An intelligent documentation crawler and RAG (Retrieval-Augmented Generation) agent built using Pydantic AI and Supabase that is capable of building other Pydantic AI agents. The agent crawls the Pydantic AI documentation, stores content in a vector database, and provides Pydantic AI agent code by retrieving and analyzing relevant documentation chunks.

Features

  • Pydantic AI documentation crawling and chunking
  • Vector database storage with Supabase
  • Semantic search using OpenAI embeddings
  • RAG-based question answering
  • Support for code block preservation
  • Streamlit UI for interactive querying

Prerequisites

  • Python 3.11+
  • Supabase account and database
  • OpenAI API key
  • Streamlit (for web interface)

Installation

  1. Clone the repository:
git clone https://github.com/coleam00/archon.git
cd archon/iterations/v1-single-agent
  1. Install dependencies (recommended to use a Python virtual environment):
python -m venv venv
source venv/bin/activate  # On Windows: venv\Scripts\activate
pip install -r requirements.txt
  1. Set up environment variables:
    • Rename .env.example to .env
    • Edit .env with your API keys and preferences:
    OPENAI_API_KEY=your_openai_api_key
    SUPABASE_URL=your_supabase_url
    SUPABASE_SERVICE_KEY=your_supabase_service_key
    LLM_MODEL=gpt-4o-mini  # or your preferred OpenAI model

Usage

Database Setup

Execute the SQL commands in site_pages.sql to:

  1. Create the necessary tables
  2. Enable vector similarity search
  3. Set up Row Level Security policies

In Supabase, do this by going to the "SQL Editor" tab and pasting in the SQL into the editor there.

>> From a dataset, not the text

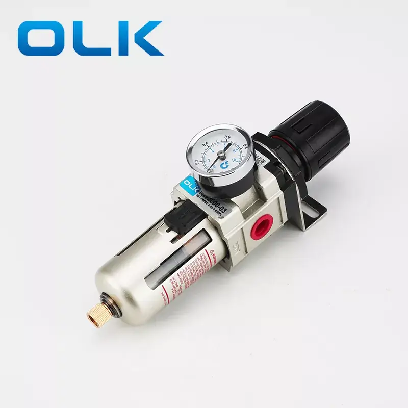 Το φίλτρο ρύθμισης πίεσης τύπου Ouleikai (OLK) SMC τύπου AW είναι σχεδιασμένο για αεροσυμπιεστές, αφαιρώντας στερεές ακαθαρσίες, σταγονίδια νερού και μόλυνση λαδιού από τον αέρα. Με αντοχή πίεσης 1,0 MPa, εξασφαλίζει σταθερή ρύθμιση της πίεσης. Το διαφανές παράθυρο λαδιού επιτρέπει την εύκολη παρακολούθηση της εσωτερικής κατάστασης λαδιού. Δύο μέθοδοι αποστράγγισης είναι διαθέσιμες: χειροκίνητη αποστράγγιση, η οποία απαιτεί χειροκίνητο τράβηγμα προς τα πάνω για αποστράγγιση (κατάλληλη για αγωγούς όπου το προσωπικό μπορεί εύκολα να ελέγξει, όπως εξωτερικά εξαρτήματα μηχανής, εξαρτήματα τραπεζιού λειτουργίας και αγωγούς όπου η χρήση αέρα κατάντη μπορεί να ανασταλεί προσωρινά). και αυτόματη αποστράγγιση, όπου η στάθμη του νερού ανεβαίνει στην κορυφή και ανοίγει αυτόματα (κατάλληλη για αγωγούς όπου το προσωπικό δεν είναι εύκολα προσβάσιμο, όπως υπερυψωμένες περιοχές, στενοί χώροι, μέρη όπου το προσωπικό σπάνια επισκέπτεται και αγωγούς όπου η χρήση αέρα κατάντη δεν μπορεί να σταματήσει) .

Then click "Run".

Crawl Documentation

To crawl and store documentation in the vector database:

python crawl_pydantic_ai_docs.py

This will:

  1. Fetch URLs from the documentation sitemap
  2. Crawl each page and split into chunks
  3. Generate embeddings and store in Supabase

Streamlit Web Interface

For an interactive web interface to query the documentation:

streamlit run streamlit_ui.py

The interface will be available at http://localhost:8501

Configuration

Database Schema

The Supabase database uses the following schema:

CREATE TABLE site_pages (
    id UUID PRIMARY KEY DEFAULT uuid_generate_v4(),
    url TEXT,
    chunk_number INTEGER,
    title TEXT,
    summary TEXT,
    content TEXT,
    metadata JSONB,
    embedding VECTOR(1536)
);

Chunking Configuration

You can configure chunking parameters in crawl_pydantic_ai_docs.py:

chunk_size = 5000  # Characters per chunk

The chunker intelligently preserves:

  • Code blocks
  • Paragraph boundaries
  • Sentence boundaries

Project Structure

  • crawl_pydantic_ai_docs.py: Documentation crawler and processor
  • pydantic_ai_expert.py: RAG agent implementation
  • streamlit_ui.py: Web interface
  • site_pages.sql: Database setup commands
  • requirements.txt: Project dependencies

Contributing

Contributions are welcome! Please feel free to submit a Pull Request.